Lebih jauh, Jeffrey Winters menjelaskan oligarki dalam demokrasi Indonesia berkembang melalui praktik politik yang bersifat transaksional dan kartelistik. Kontestasi politik yang membutuhkan biaya tinggi mendorong partai politik dan kandidat bergantung pada dukungan finansial oligarki. Dalam kondisi demikian, partai politik tidak lagi sepenuhnya menjalankan fungsi representasi kepentingan rakyat, melainkan cenderung menjadi instrumen negosiasi dan kompromi elite. Oligarki juga memainkan peran penting dalam menentukan siapa yang dapat maju dalam kompetisi politik melalui penguasaan sumber daya ekonomi, media, dan jaringan kekuasaan. Dengan demikian, demokrasi Indonesia tidak hanya menghadapi persoalan lemahnya oposisi dan menguatnya politik kartel, tetapi juga problem struktural berupa dominasi oligarki yang terus mereproduksi relasi kuasa dalam sistem politik pasca reformasi.
Dalam literature lain, Frederica (2025) menjelaskan bagaimana kartelisasi telah melembaga dalam sistem presidensial multipartai Indonesia. Menurutnya praktik ini berkembang dalam lanskap politik Indonesia tidak hanya dikarenakan oleh adanya kesepakatan anterelite, tetapi juga dipengaruhi oleh desain sistem presidensial multipartai, longgarnya transparansi dana politik, serta aturan pemilu yang cenderung membatasi kompetisi politik dan telah menciptakan keuntungan bagi kelompok politik dominan.
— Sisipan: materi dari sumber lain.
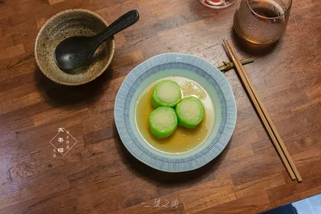 上桌時先竄入鼻腔的是蒜蓉的香氣,但在蒸過之後氣味不刺激反而圓潤。角瓜的原始甘味,在破布子汁和蒜蓉的襯托下,顯得更加甘美;角瓜保留著入口咀嚼時軟中帶脆的口感,即便是平常不喜絲瓜的軟爛口感的友人,同樣吃得嘖嘖稱奇。
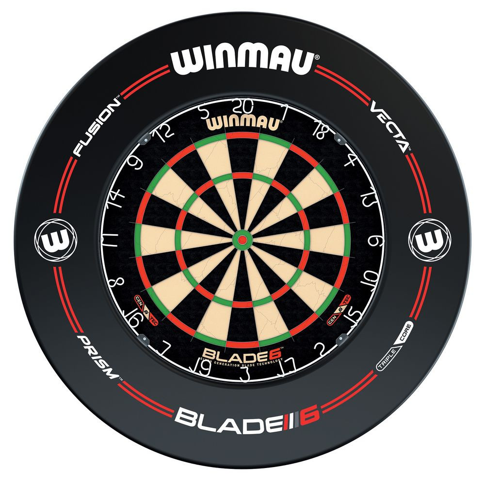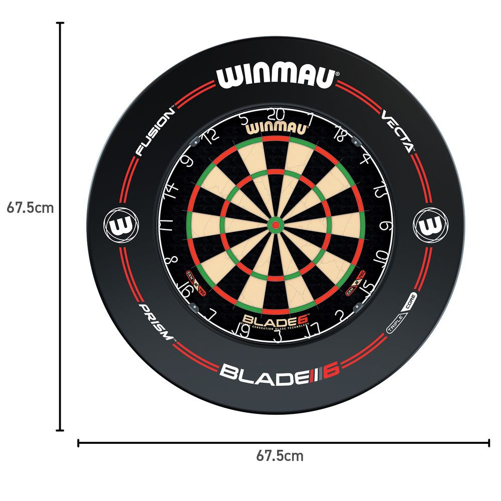 Darts tábla Winmau Blade6, Blade 6 Pro-Line fekete falvédővel, két szett nyíllal, startvonallal, kiszállóval

Berbagai ketentuan hukum dan kelembagaan seperti presidential threshold, sistem proporsional terbuka, dan lemahnya aturan yang mengokohkan nilai transparansi dan akuntabilitas pada akhirnya mendorong kartelisasi menjadi bagian yang nyaris normal dalam praktik politik Indonesia.
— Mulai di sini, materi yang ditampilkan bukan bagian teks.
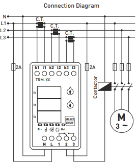 190A – 300A (adjustable overload value) 50% fixed current asymmetry Adjustable error delay time Adjustable operating mode (automatic, semi-automatic, manual) Current measuring transformers included Technical specifications: -20°C to +55°C Display: 3×3-digit display + 5 LEDs High current (overload): TRM-50: 15A – 50A TRM-100: 40A – 100A TRM-200: 90A – 200A TRM-300: 190A – 300A TRM-400: 290A – 400A Delay (t): TRM-50/100: 0.1 s – 20 s TRM-200/300/400: 1 s – 200 s Connection type: clamp Contact: 5A/250VAC (resistive load) Cable diameter: 2.5 mm² Weight: max. 250 g Mounting.
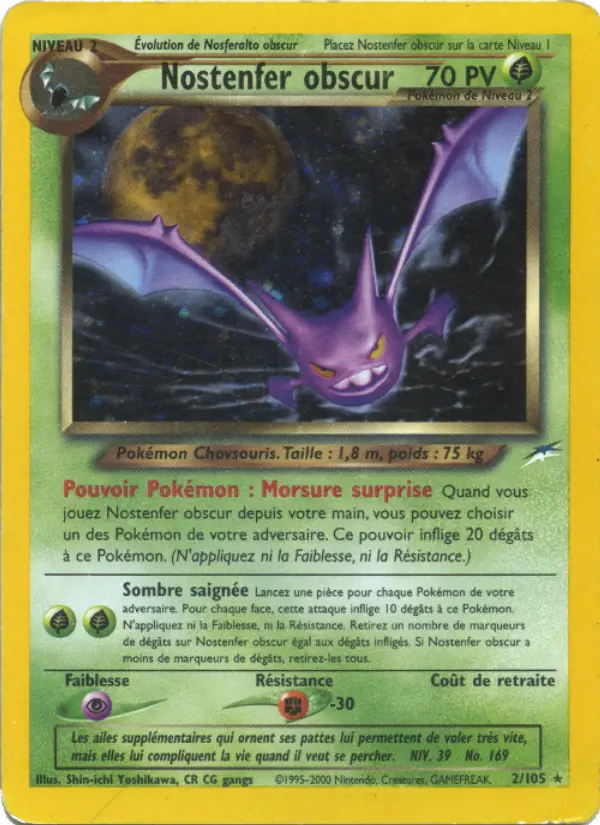 Lancez une pièce pour chaque Pokémon de votre adversaire. Pour chaque face, cette attaque inflige 10 dégâts à ce Pokémon. N'appliquez ni la Faiblesse, ni la Résistance. Retirez un nombre de marqueurs de dégâts sur Nostenfer obscur égal aux dégâts infligés. Si Nostenfer obscur a moins de marqueurs de dégâts, retirez-les tous.

Kondisi tersebut menyebabkan demokrasi eloktoral berjalan secara formal prosedural semata tanpa diiringi kompetisi ideologi maupun pertarungan gagasan yang substantif. Pemilu tidak lagi sepenuhnya dijadikan sebagai sarana memperjuangkan perubahan dan perbaikan, melainkan lebih menyerupai mekanisme sirkulasi elite dalam ruang kekuasaan yang tertutup. Dampak dari menguatnya politik kartel terlihat pada raibnya oposisi yang fungsional, tersendatnya akuntabilitas politik, serta menurunnya tingkat kepercayaan masyarakat terhadap institusi demokrasi. Upaya mengatasi kartelisasi politik yang telah terstruktur tidak cukup dilakukan melalui pergantian elite semata, tetapi membutuhkan reformasi struktural yang mencakup pembenahan regulasi politik, sistem pendanaan partai, penguatan oposisi, serta pembangunan pendidikan politik publik yang lebih partisipatif.
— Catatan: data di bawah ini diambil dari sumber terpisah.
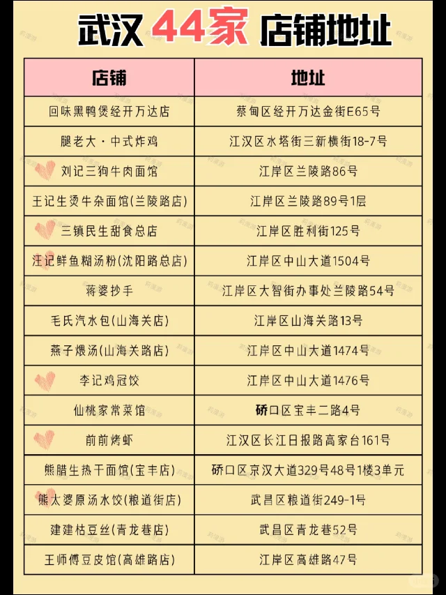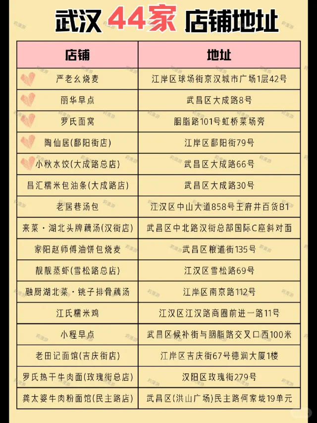 武汉的人间烟火里,过早一定是它的美食主编。毕竟在武汉,有过早的地方,就有江湖,就是烟火人间 今年春天我又一次从武汉吃回来,说真的,在这里的每一顿都让我挑花了眼,吃撑了胃,反复横跳,就是舍不得离开那一条条让人兴奋的美食街巷 🔹🔹🔹 这次我🍜整理了4⃣️5⃣️种武汉美食,95%是我亲测,5%是和本地人闲聊知道的 如果你正打算去武汉尝一口过早的人间烟火气,这里万食俱备🌟记得收藏 🔹🔹🔹 ⭕云集美食宝藏街 答应我❌不要为了吃去户部巷,好么? 武汉的美食街巷✅双手+双脚都数不过来,尤其是过早,粮道街、吉庆街都不够烟火气,下面这8⃣️条才是武汉人奔赴生活的起始点 📍山海关路、胭脂路、一元路、大成路、瑞安街、兰陵路、宝裕路、玫瑰街 🔹🔹🔹 🍜江岸区美食 📍刘记三狗牛肉面馆📍蒋婆抄手📍王记生烫牛杂面馆 📍三镇民生甜食总店📍汪记鲜鱼糊汤粉总店 📍燕子煨汤📍毛氏汽水包📍李记鸡冠饺📍陶仙居 📍双黄牛肉面馆📍徐氏糯米包油条📍王师傅豆皮馆 📍严老幺烧麦📍老田记面馆📍淘气牛杂馆📍德华楼 📍一品红牛肉面馆📍武昌重油烧梅店总店 📍一元路怪味烧饼📍袁大头包子📍郑记牛肉面 📍融厨湖北菜 🔹🔹🔹 🍜武昌区美食 📍建建枯豆丝📍罗氏面窝📍小程早点 📍袁氏米粑发糕📍龚太婆牛肉粉面馆📍来菜 📍昌汇糯米包油条📍小秋水饺总店📍丽华早点 📍熊太婆原汤水饺📍家阳赵师傅油饼包烧麦 🔹🔹🔹 🍜其它区美食 📍回味黑鸭煲经开万达店📍仙桃家常菜馆 📍腿老大·中式炸鸡📍熊腊生热干面馆📍七七饺子 📍前前烤虾📍老居巷汤包📍靓靓蒸虾总店📍江氏糯米鸡📍罗氏热干牛肉面总店📍江汉路煎包一绝 🔹🔹🔹 武汉人的过早,对我来说,那就是从早过到晚,一个月不重样不是骗人的。天生江湖豪情的他们,吃的是烟火,品的是人间 💟我是莉漫游,跟着我追逐风味的脚步,跨越山海之间,看尽红尘万千,邂逅漫游奇遇

Lebih lanjut kondisi yang demikian ini megakibatkan partai politik Indonesia saat ini berada dalam pusaran politik kartel sehingga parpol mengalami kecacatan peran dan fungsi. Berbagai penelitian mengenai peran dan fungsi partai politik di Indoensia telah mencapai satu garis besar yaitu peran dan fungsi partai politik di Indoensia tidak ideal atau jauh dari harapan. Politik kartel yang kini mendominasi sistem politik Indonesia, menyebabkan para politisi tidak lagi memprioritaskan kepentingan konstituen namun mereka lebih memprioritaskan urusan internal partai mereka. Hal demikian terjadi karena ideologi yang lemah, administrasin yang bobrok, rekrutmen dan pengembangan kader yang jauh dari kata optimal (Pattalongi et al., 2024).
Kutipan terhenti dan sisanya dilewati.